We're revamping our curriculum to include a foundational inorganic course probably in the sophomore year. I have a couple of questions to those of you who teach this course or are planning such a course.
1. What books do you like? I have struggled to find anything that fits the bill for this type of class.
2. Where do you put the course? Does it usually land in the sophomore year? We currently have quant and organic, but also need to add a more foundational P-chem and biochem. Where does it all fit?

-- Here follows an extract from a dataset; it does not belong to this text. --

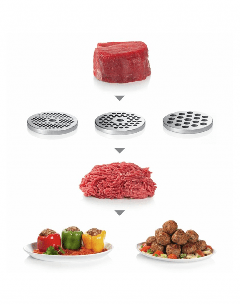 بعضی از چرخ گوشت ها قطعاتی کاربردی دارند. که تعداد این اقلام در برخی دستگاهها کم و در برخی زیاد است. چرخ گوشت بوش مدل MFW68640، سه عدد شفت مرکزی با منافذهایی در اندازه های ریز، متوسط و درشت دارد. این شبکه ها گوشت را در سایز دلخواه برایمان چرخ میکند و رشته های گوشت را در سایز متنوع را در اختیار قرار میدهد.

3. What do you all see as the core subjects that should be taught at this level? I've been struggling to decide what to hold out, but am excited about the possibility of ultimately having two semesters in the curriculum to teach inorganic.
Thanks,
Tim Herzog
I teach one of these courses and have for the past 16 years that I have been at Reed. I love it! Early exposure to inorganic chemistry! My course only has a year of General Chemistry as a pre-requisite. It is composed of lecture, conference (discussion), and lab and is typically taken by our chem majors in the spring of their second year. I do also have a few juniors from year to year, particularly those who have "come to the chemistry major late." And I will commonly have one or 2 Biochemistry/Molecular Biology majors who are taking only the lecture portion of the course as an elective.
I call my course "sophomore inorganic on steroids" as I do not skimp on what I try to stuff in there. This is the only required inorganic course for our chem majors. I do teach an Advanced Inorganic course, but not all chem majors will take it. I should also say that I/we have pulled a lot of inorganic out of Gen Chem. So, for example, we don't have them violate the octet rule in Gen Chem, and I save expanded octets and VSEPR for steric numbers higher than 4 for Chem 212. I like to teach multinuclear NMR when we do molecular structure as it is a nice complement for the students who are also in O-chem (although it can be a challenge for the students who haven't had o-chem, because I don't take class time to explain how NMR works). Most importantly, I do teach MO theory in this course! I don't make them do all the group theory and derive representations, but rather, develop the MO diagrams from a pictorial approach. If I tell them what the group orbitals look like, then they need to figure out which AOs on the central atom will be involved. I teach them about point groups and character tables so that we can put symmetry labels on our MOs. Basically, I want to teach them enough about MO theory so that when we get to TM chemistry, they can understand the spectrochemical series from arguments based on orbital overlap and the effects of pi-donors and pi-acceptors. Oh, I also teach some solid state chemistry in the course as well, getting the students to understand simple band structures of metals, semiconductors, and insulators, another nice connection to MO theory.
That's the quick and dirty overview. If you are interested in a more detailed syllabus, just e-mail me and I would be happy to share. As for texts...yeah, well, that's a problem. I have had my students tell me I should write my own, but I'm not ready to go there yet. I have successfully used both Miessler and Tarr and Housecroft and Sharpe with lots of skipping around in chapters when things get too hairy. I also like to supplement with "Chemical Bonding" by Mark Winter (Oxford Chemistry Primers - see entry in our Textbooks section) and Teaching General Chemistry: A Materials Science Companion (for the solid state stuff).